BEGIN

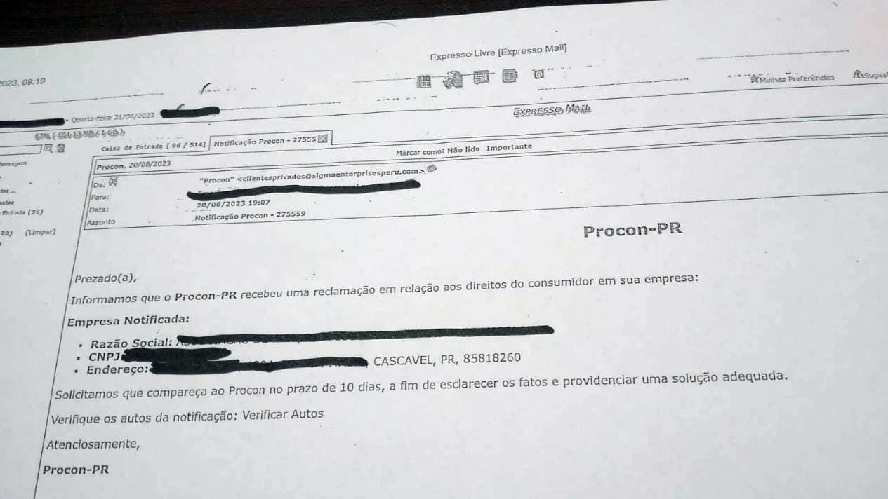O Procon de Cascavel informa que somente nesta segunda-feira (06/11), recebeu seis relatos de pessoas que receberam os e-mails fraudulentos. Os golpistas têm direcionado esses e-mails tanto a pessoas físicas quanto a pessoas jurídicas.
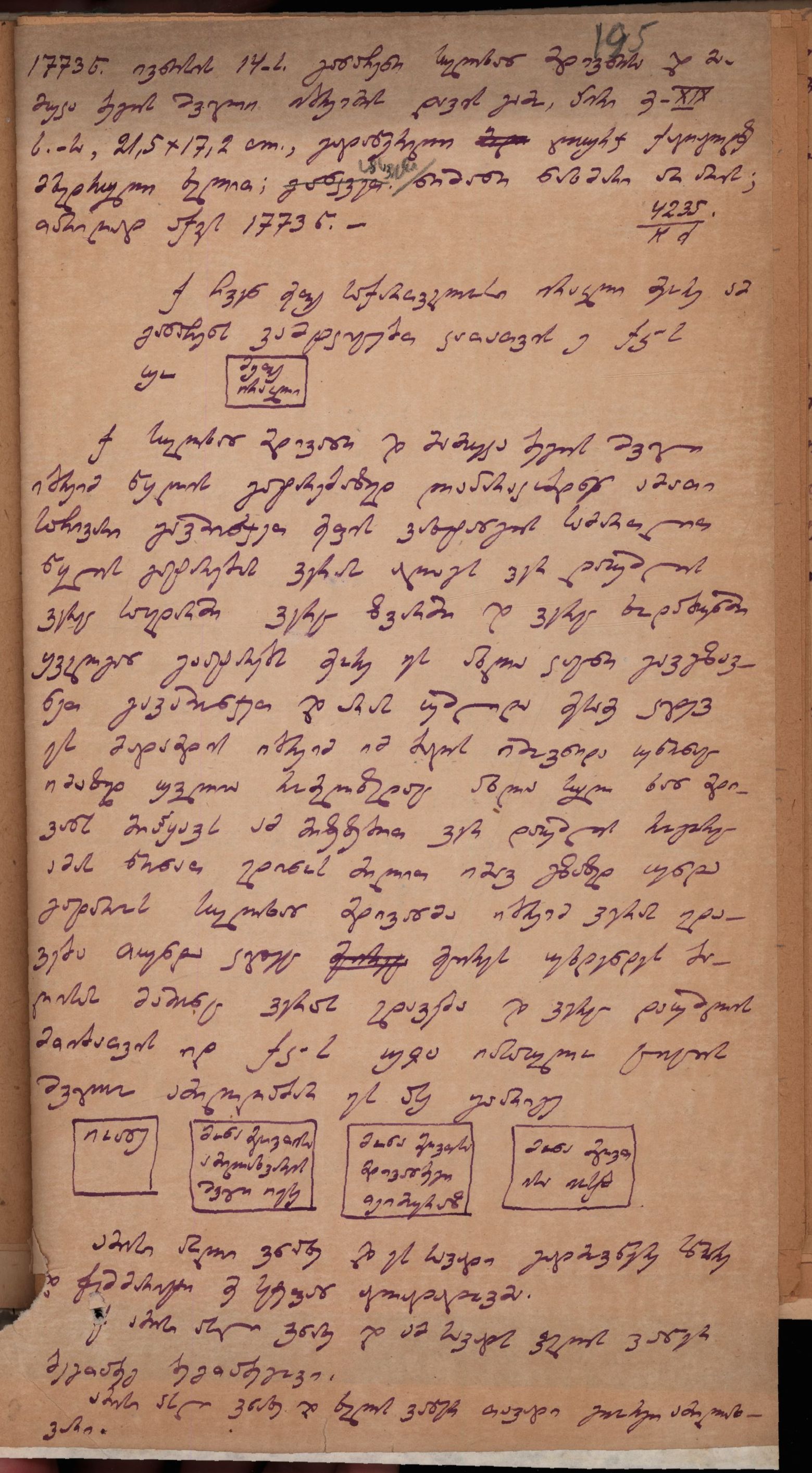 პირი აღწერა გიორგი ბოჭორიძის მიერ: ,,პირი, დაწერილი ლურჯ ქაღალდზე მხედრული ხელით. ზომა 21,5X17,2, განკვეთილობის ნიშანი ნახმარი არ არის", ხეც, Hd 4235.
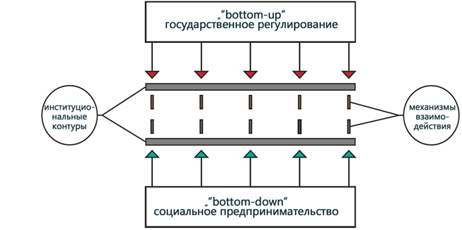 Однако стоит понимать, что, несмотря на доказанные выгоды от перехода к новым экологичным, энергоэффективным и устойчивым технологиям, мировоззрение «классического капиталиста» должно претерпеть существенные сдвиги парадигм для осознания своей роли в «зелёной» экономике, что в свою очередь требует особых информационных и иных механизмов влияния. Кроме того, существует ряд барьеров в достижении данной цели, в первую очередь, «социальные» провалы свободного рынка[2]. Если рассматривать путь развития «зелёной» экономики в рамках подходa “bottom-up” (развитие «сверху»), то стоимость стратегий, программ и проектов, финансируемых государством в данной сфере, будет увеличиваться пропорционально уменьшению движения “bottom-down” (развитие «снизу»[3]). Однако в условиях ограниченности государственного финансирования (особенно в РФ при перспективах дальнейшего секвестирования бюджета) стоит рассмотреть возможность роста «зелёной» экономики в рамках движения «снизу». Одним из перспективных ресурсов развития в данном контексте может выступать социальное предпринимательство.
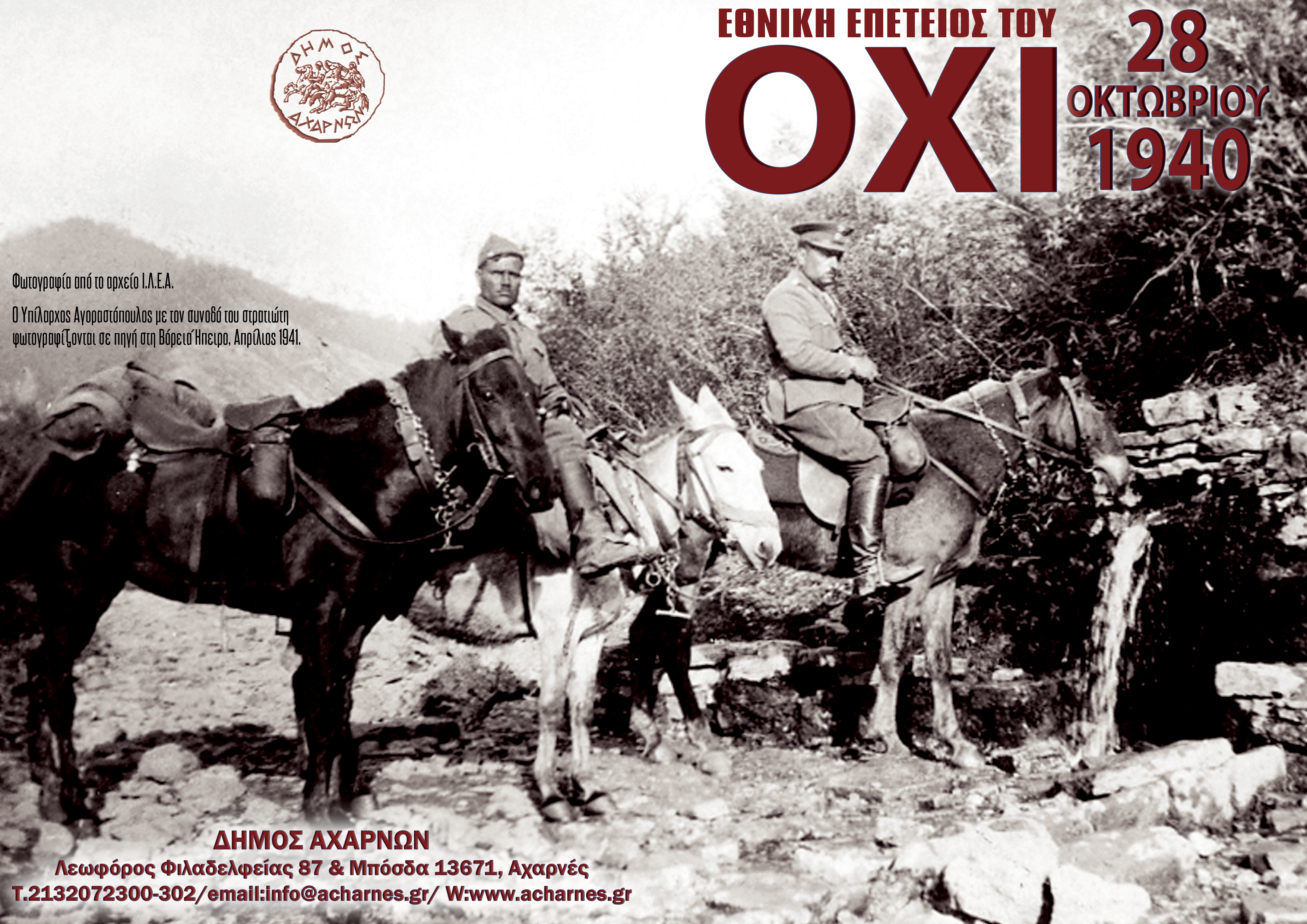 Ο Δήμος Αχαρνών σας προσκαλεί να τιμήσετε με την παρουσία σας τις εκδηλώσεις που θα πραγματοποιηθούν και στις δύο δημοτικές του ενότητες (Αχαρνές, Θρακομακεδόνες) τη Δευτέρα 28 Οκτωβρίου για τον εορτασμό της Εθνικής Επετείου του 1940.
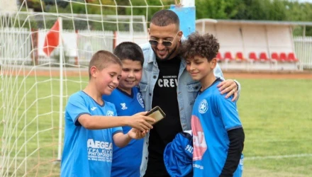 Ευκαιρία δεν έχασαν ούτε τα οι νεαροί ποδοσφαιριστές, που φυσικά ζήτησαν από μια φωτογραφία. Ο ίδιος ευγενέστατος, δεν τους χάλασε χατίρι και μοίρασε ατελείωτα χαμόγελα και αναμνήσεις.
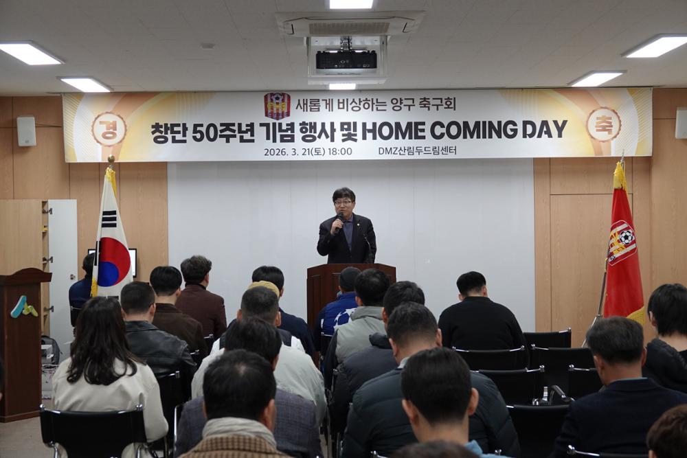 양구군의회 정창수 의장, 신철우 부의장, 조돈준 의원, 김정미 의원, 김선묵의원, 김기철 의원이 21일, 두드림센터에서 열린 양구축구회 창단 50주년 기념행사에 참석했다.
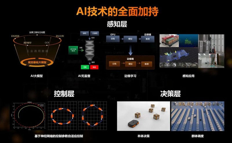 “在控制層面,我們基于模型的最優(yōu)控制,運(yùn)行規(guī)劃消除偏差,通過(guò)迭代學(xué)習(xí),使機(jī)器人逐漸適應(yīng)各種環(huán)境,未來(lái)其適應(yīng)能力會(huì)越來(lái)越強(qiáng),可以提升控制的自主性和魯棒性。而在當(dāng)前的決策層面,我們基于AI路徑規(guī)劃能力,通過(guò)大量規(guī)劃路徑數(shù)據(jù)的學(xué)習(xí),使網(wǎng)絡(luò)具備專(zhuān)家級(jí)的路徑規(guī)劃能力。同時(shí)利用網(wǎng)絡(luò)推理并進(jìn)行預(yù)算,實(shí)現(xiàn)半徑毫秒級(jí)的快速路程規(guī)劃。”賈永華表示,在AI的加持下,極大地增強(qiáng)了智能系統(tǒng)生產(chǎn)能力,這種能力不斷滲透到各個(gè)場(chǎng)景、業(yè)務(wù)和行業(yè),可以有效地將AI技術(shù)真正轉(zhuǎn)變?yōu)樯a(chǎn)力。

END

▶ _ASSIGNMENT_:
Copy out, with no pictures, the lines from the one containing "양구군의회 정창수 의장, 신철우" through the last line of the data above, both ends included and each word unchanged.

▶ _RESPONSE_:
 양구군의회 정창수 의장, 신철우 부의장, 조돈준 의원, 김정미 의원, 김선묵의원, 김기철 의원이 21일, 두드림센터에서 열린 양구축구회 창단 50주년 기념행사에 참석했다.
 “在控制層面,我們基于模型的最優(yōu)控制,運(yùn)行規(guī)劃消除偏差,通過(guò)迭代學(xué)習(xí),使機(jī)器人逐漸適應(yīng)各種環(huán)境,未來(lái)其適應(yīng)能力會(huì)越來(lái)越強(qiáng),可以提升控制的自主性和魯棒性。而在當(dāng)前的決策層面,我們基于AI路徑規(guī)劃能力,通過(guò)大量規(guī)劃路徑數(shù)據(jù)的學(xué)習(xí),使網(wǎng)絡(luò)具備專(zhuān)家級(jí)的路徑規(guī)劃能力。同時(shí)利用網(wǎng)絡(luò)推理并進(jìn)行預(yù)算,實(shí)現(xiàn)半徑毫秒級(jí)的快速路程規(guī)劃。”賈永華表示,在AI的加持下,極大地增強(qiáng)了智能系統(tǒng)生產(chǎn)能力,這種能力不斷滲透到各個(gè)場(chǎng)景、業(yè)務(wù)和行業(yè),可以有效地將AI技術(shù)真正轉(zhuǎn)變?yōu)樯a(chǎn)力。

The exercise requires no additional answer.